Stored items from a collection:
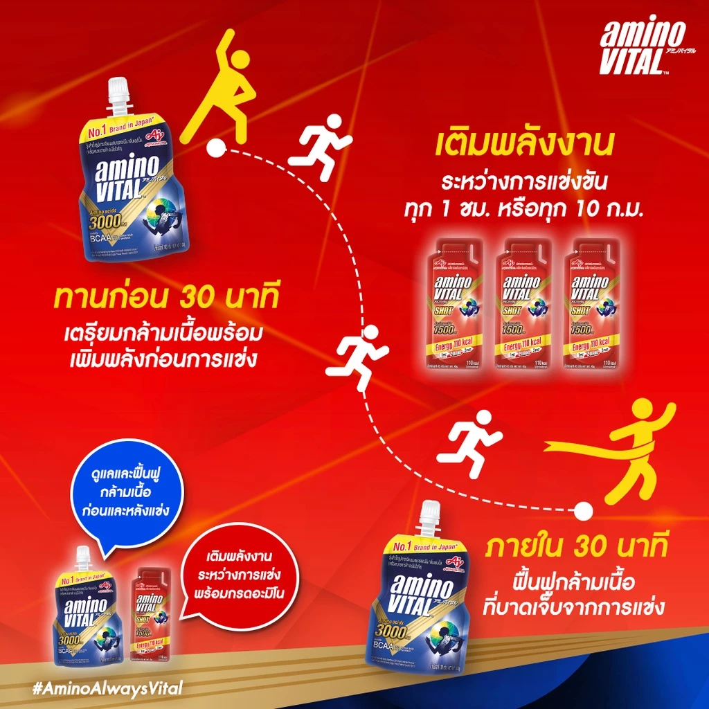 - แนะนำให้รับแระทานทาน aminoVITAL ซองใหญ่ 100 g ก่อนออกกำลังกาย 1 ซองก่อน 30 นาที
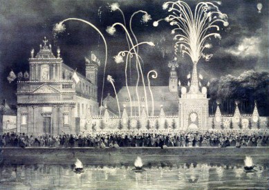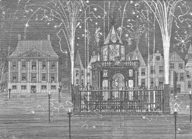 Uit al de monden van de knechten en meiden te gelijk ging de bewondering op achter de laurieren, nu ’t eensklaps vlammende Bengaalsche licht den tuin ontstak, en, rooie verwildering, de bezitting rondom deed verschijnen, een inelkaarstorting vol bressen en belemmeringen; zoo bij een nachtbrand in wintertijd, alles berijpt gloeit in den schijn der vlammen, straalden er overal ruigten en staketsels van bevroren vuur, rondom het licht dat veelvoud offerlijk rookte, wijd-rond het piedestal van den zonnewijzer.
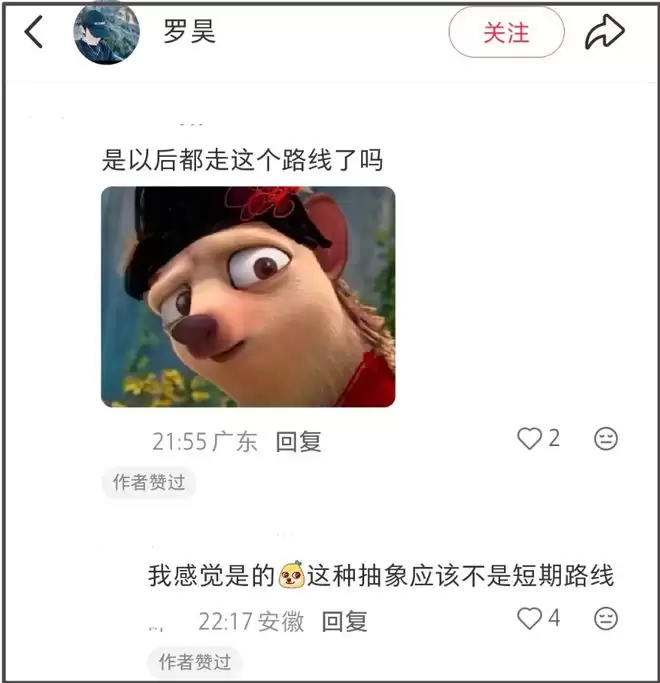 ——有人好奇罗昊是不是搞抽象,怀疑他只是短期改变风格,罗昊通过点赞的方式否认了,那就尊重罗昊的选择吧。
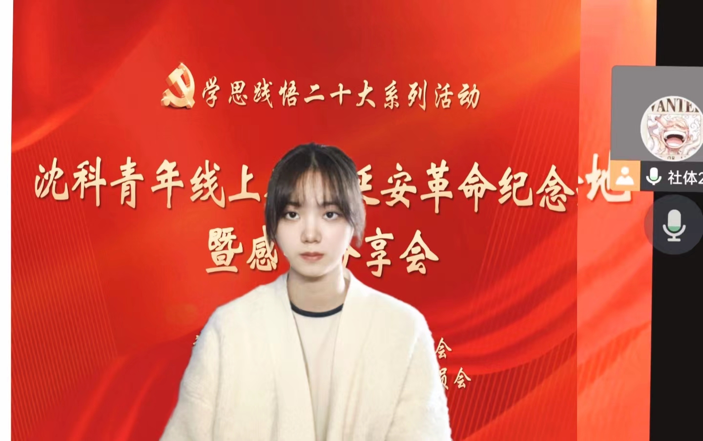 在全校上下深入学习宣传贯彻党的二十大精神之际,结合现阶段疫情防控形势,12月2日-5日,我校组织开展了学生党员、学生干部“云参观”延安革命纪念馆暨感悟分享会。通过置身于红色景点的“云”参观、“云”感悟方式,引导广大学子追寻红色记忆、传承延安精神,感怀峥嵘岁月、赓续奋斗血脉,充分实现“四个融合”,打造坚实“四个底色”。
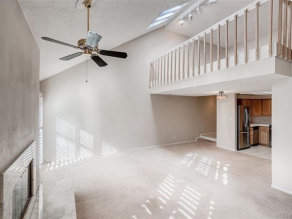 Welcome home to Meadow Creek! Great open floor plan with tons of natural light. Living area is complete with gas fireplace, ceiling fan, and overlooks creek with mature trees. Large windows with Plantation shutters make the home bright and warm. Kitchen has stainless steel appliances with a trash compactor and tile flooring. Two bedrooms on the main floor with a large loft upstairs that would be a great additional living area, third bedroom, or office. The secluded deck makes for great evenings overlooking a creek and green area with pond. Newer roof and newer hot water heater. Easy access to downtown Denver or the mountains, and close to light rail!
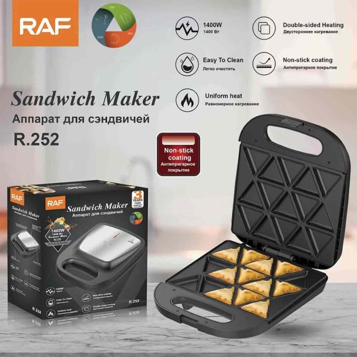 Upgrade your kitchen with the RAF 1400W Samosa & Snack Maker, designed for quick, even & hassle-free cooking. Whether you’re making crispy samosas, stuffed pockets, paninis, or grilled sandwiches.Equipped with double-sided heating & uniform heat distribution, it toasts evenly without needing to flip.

▶ WHAT YOU HAVE TO DO
Your answer must be the records above, word for word, with every picture left out.

▶ RESULT OF THE EXERCISE
 - แนะนำให้รับแระทานทาน aminoVITAL ซองใหญ่ 100 g ก่อนออกกำลังกาย 1 ซองก่อน 30 นาที
 Uit al de monden van de knechten en meiden te gelijk ging de bewondering op achter de laurieren, nu ’t eensklaps vlammende Bengaalsche licht den tuin ontstak, en, rooie verwildering, de bezitting rondom deed verschijnen, een inelkaarstorting vol bressen en belemmeringen; zoo bij een nachtbrand in wintertijd, alles berijpt gloeit in den schijn der vlammen, straalden er overal ruigten en staketsels van bevroren vuur, rondom het licht dat veelvoud offerlijk rookte, wijd-rond het piedestal van den zonnewijzer.
 ——有人好奇罗昊是不是搞抽象,怀疑他只是短期改变风格,罗昊通过点赞的方式否认了,那就尊重罗昊的选择吧。
 在全校上下深入学习宣传贯彻党的二十大精神之际,结合现阶段疫情防控形势,12月2日-5日,我校组织开展了学生党员、学生干部“云参观”延安革命纪念馆暨感悟分享会。通过置身于红色景点的“云”参观、“云”感悟方式,引导广大学子追寻红色记忆、传承延安精神,感怀峥嵘岁月、赓续奋斗血脉,充分实现“四个融合”,打造坚实“四个底色”。
 Welcome home to Meadow Creek! Great open floor plan with tons of natural light. Living area is complete with gas fireplace, ceiling fan, and overlooks creek with mature trees. Large windows with Plantation shutters make the home bright and warm. Kitchen has stainless steel appliances with a trash compactor and tile flooring. Two bedrooms on the main floor with a large loft upstairs that would be a great additional living area, third bedroom, or office. The secluded deck makes for great evenings overlooking a creek and green area with pond. Newer roof and newer hot water heater. Easy access to downtown Denver or the mountains, and close to light rail!
 Upgrade your kitchen with the RAF 1400W Samosa & Snack Maker, designed for quick, even & hassle-free cooking. Whether you’re making crispy samosas, stuffed pockets, paninis, or grilled sandwiches.Equipped with double-sided heating & uniform heat distribution, it toasts evenly without needing to flip.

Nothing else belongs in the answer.